-- Dataset records follows --

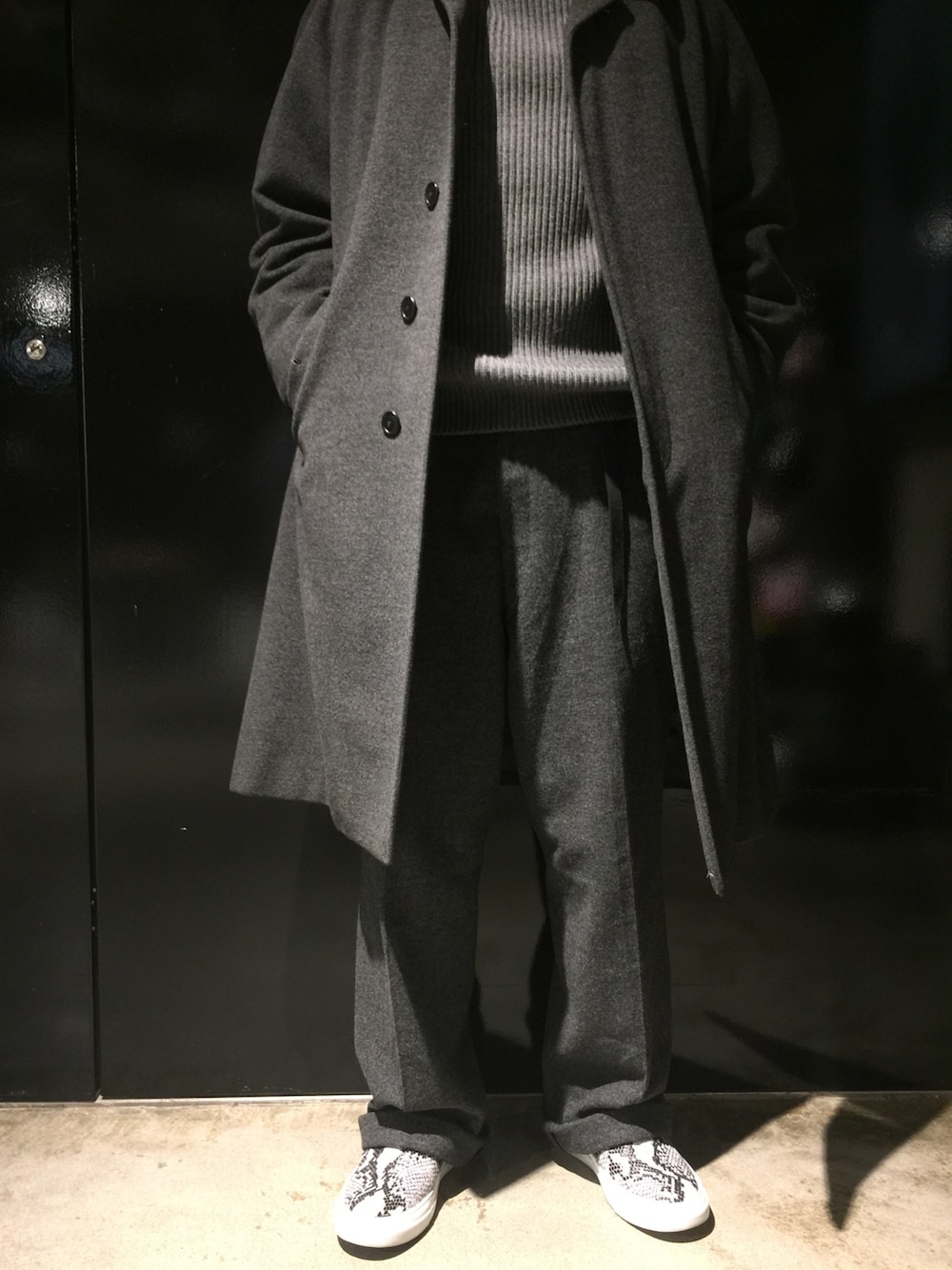 オールグレーのコーディネイトです。 Aラインのステンカラーコートとウールのワイドスラックスのバランス感と色味の統一感を意識してます。 足元はグレーでも、パイソン柄をチョイスしてハズしてます。
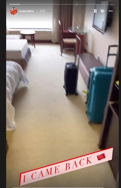 莫伊塞斯在社媒中晒出了他在阻隔酒店的房间相片,并配文“回到中国了”。
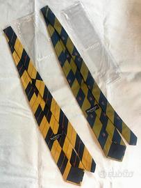 - cravatta gialla e blu, con logo rosso
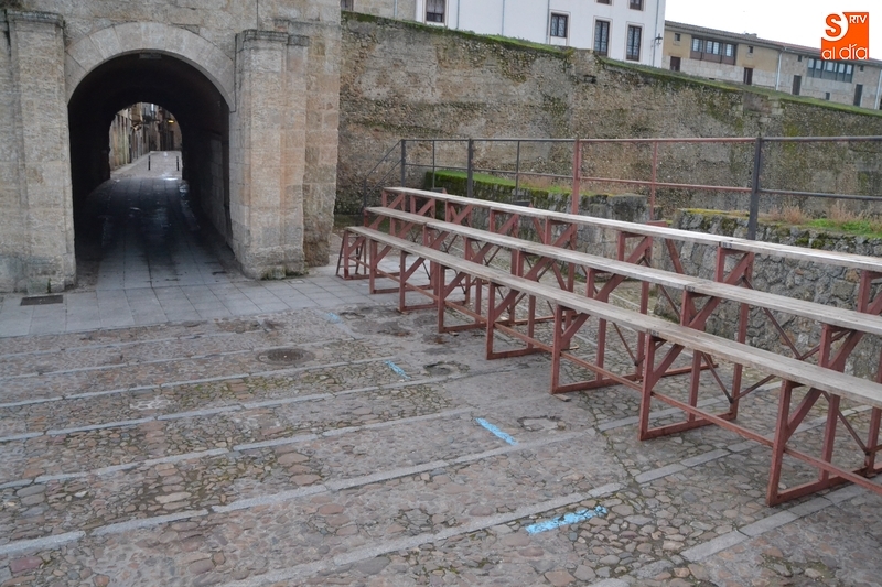 CIUDAD RODRIGO | En la mañana del viernes se montaron las dos gradas que se instalan tradicionalmente en la zona
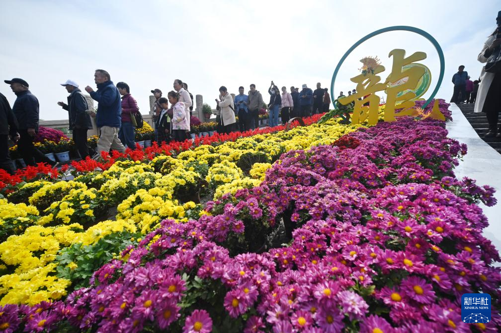 10月18日,游客在河南省开封市龙亭公园内观赏菊花。
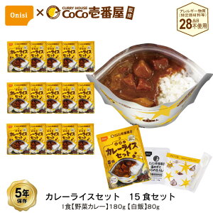 5年保存 CoCo壱番屋監修 尾西のカレーライスセット 15食 セット 野菜カレー アレルギー対応 カレーハウスCoCo壱番屋と初のコラボレーション! 尾西食品のアルファ米とセットで、非常時でも日常でも...
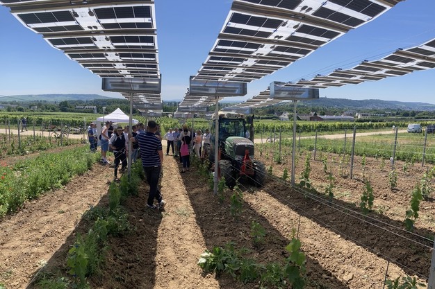 VitiCult project in Geisemheim, Germany, using Mirai Solar's photovoltaic shading system (field view). Reference: https://www.ise.fraunhofer.de/en/research-projects/viticult-pvmobil.html
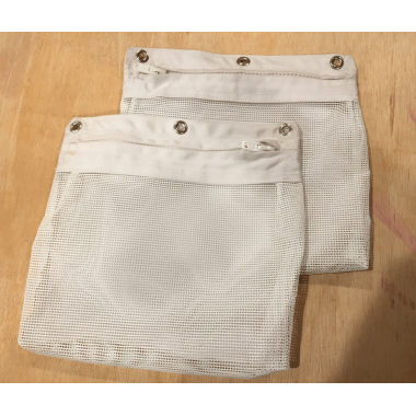 This small mesh and Sunbrella bag was custom designed for the New Viper Class one design but it will fit other boats as well. You can use it to control your halyard and/or protect your valuables in the event you capsize.
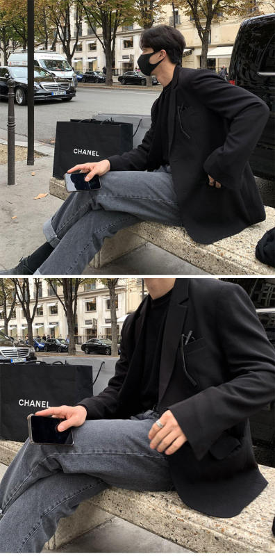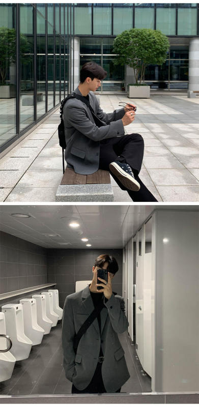- Placket: One double-breasted button
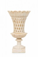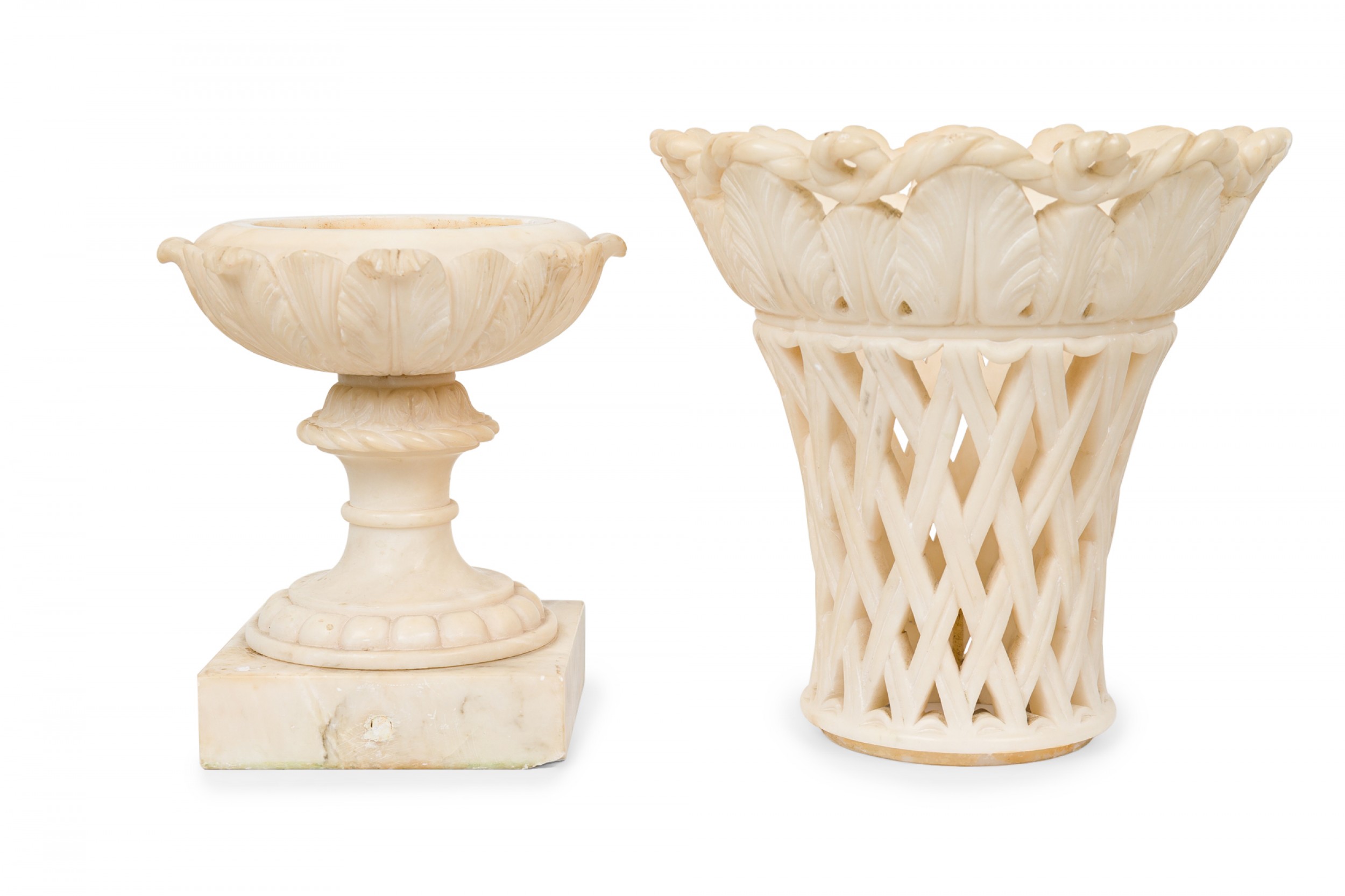 Italian Neo-Classic Grand Tour (19th Century) white alabaster centerpiece in an urn form with a rope and foliate design lip and diamond reticulated body, resting on a square white marble base..
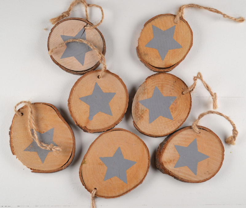 Houten schijfjes met ster - set van 6
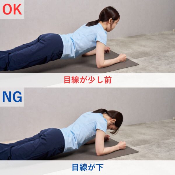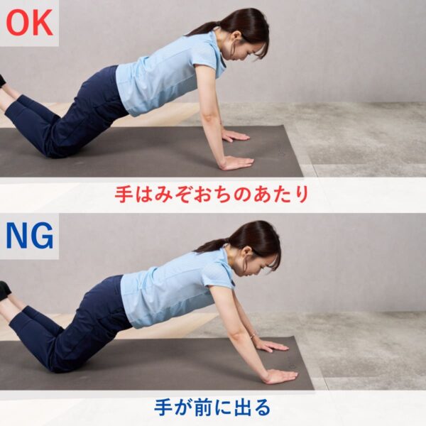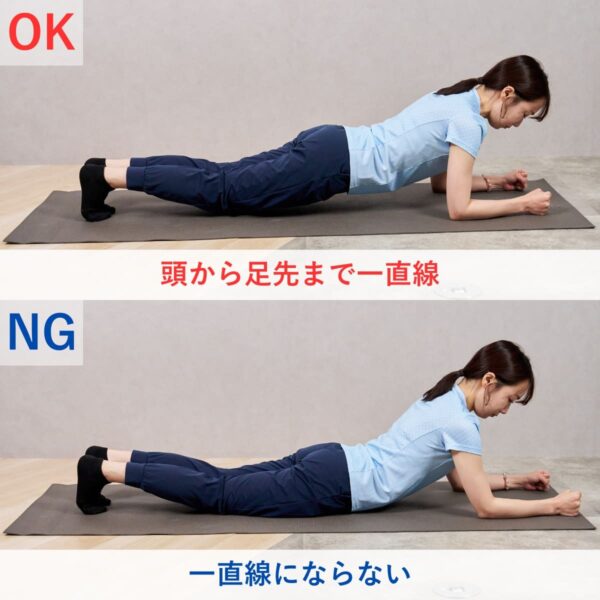 - 身体が直線になるようにひざをついて脚を伸ばす
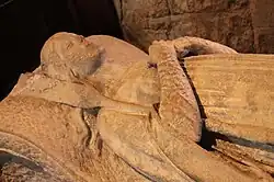 However, Darling's condition declined and she was conveyed to the place of her birth in Bamburgh, where she died, aged 26, of consumption in October 1842. She is buried in the churchyard of St Aidan's Church, Bamburgh. The Monument to Grace Darling was completed in 1842. It represents a sleeping effigy of her holding an oar, and lies to the north of her grave at the western edge of the churchyard so it would be visible to passing seafarers.[11] The original effigy, which was sculpted by Charles Raymond Smith son of James Smith,[12] was moved into the church in 1895 due to weathering.
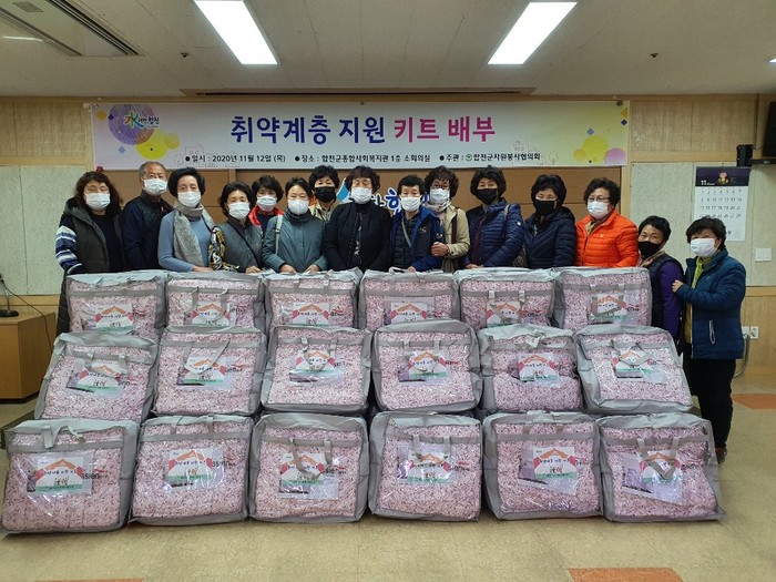 경남 합천군(군수 문준희)은 지난 12일 합천군자원봉사협의회(회장 이정임)가 종합사회복지관 1층 소회의실에서 17개 읍면 취약계층에 안부키트(이불 340채)를 배부했다고 밝혔다.
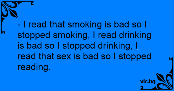 - I read that smoking is bad so I stopped smoking, I read drinking is bad so I stopped drinking, I read that sеx is bad so I stopped reading.
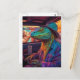A psychedelic lizard in a vehicle postcard
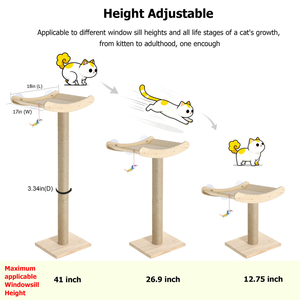 - 4.Adjustable Height: With a total height of 46 inches, this cat window tree is designed to accommodate various window sizes by remove or add posts. Adjust the height to create the perfect window perch for your cat, allowing them to relax comfortably while observing their surroundings.
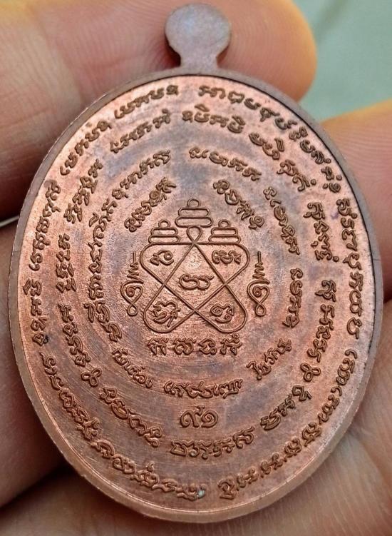 เคาะเดียวแดง.....เหรียญรูปไข่หลังยันต์ครู รุ่นไหว้ครู91 ท่านก๋งเตื่อง เตชปญฺโญ ปี 57 เนื้อทองแดงผิวไฟ ตอกนัมเบอร์ 6396
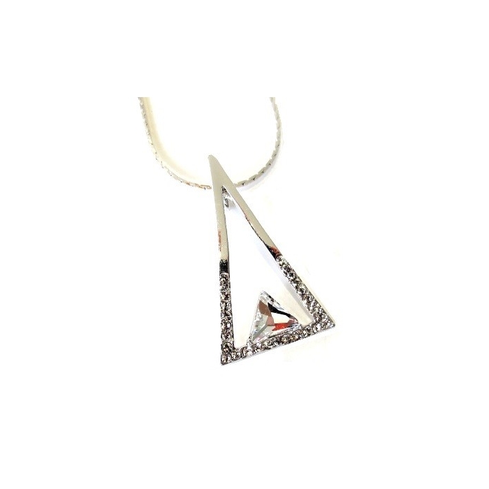 Náhrdelník TROJÚHELNÍK MAXI s čirýmI Swarovski® krystaly, který je vyroben ze šperkařského obecného kovu (100% bez niklu), a který je potažen velmi drahým kovem Rhodiem. Řetízek délky 45cm je taktéž upraven rhodiováním. Náhrdelník je dodáván v dárkové krabičce Swarovski® Elements.

-- Dataset records concluded --

**Activity**
From the opening line of the entries above to the line that holds "- 身体が直線になるようにひざをついて脚を伸ばす", inclusive, reproduce each line exactly and omit any picture.

**Answer space**
 オールグレーのコーディネイトです。 Aラインのステンカラーコートとウールのワイドスラックスのバランス感と色味の統一感を意識してます。 足元はグレーでも、パイソン柄をチョイスしてハズしてます。
 莫伊塞斯在社媒中晒出了他在阻隔酒店的房间相片,并配文“回到中国了”。
 - cravatta gialla e blu, con logo rosso
 CIUDAD RODRIGO | En la mañana del viernes se montaron las dos gradas que se instalan tradicionalmente en la zona
 10月18日,游客在河南省开封市龙亭公园内观赏菊花。
 5年保存 CoCo壱番屋監修 尾西のカレーライスセット 15食 セット 野菜カレー アレルギー対応 カレーハウスCoCo壱番屋と初のコラボレーション! 尾西食品のアルファ米とセットで、非常時でも日常でも...
 VitiCult project in Geisemheim, Germany, using Mirai Solar's photovoltaic shading system (field view). Reference: https://www.ise.fraunhofer.de/en/research-projects/viticult-pvmobil.html
 This small mesh and Sunbrella bag was custom designed for the New Viper Class one design but it will fit other boats as well. You can use it to control your halyard and/or protect your valuables in the event you capsize.
- Placket: One double-breasted button
 Italian Neo-Classic Grand Tour (19th Century) white alabaster centerpiece in an urn form with a rope and foliate design lip and diamond reticulated body, resting on a square white marble base..
 Houten schijfjes met ster - set van 6
 - 身体が直線になるようにひざをついて脚を伸ばす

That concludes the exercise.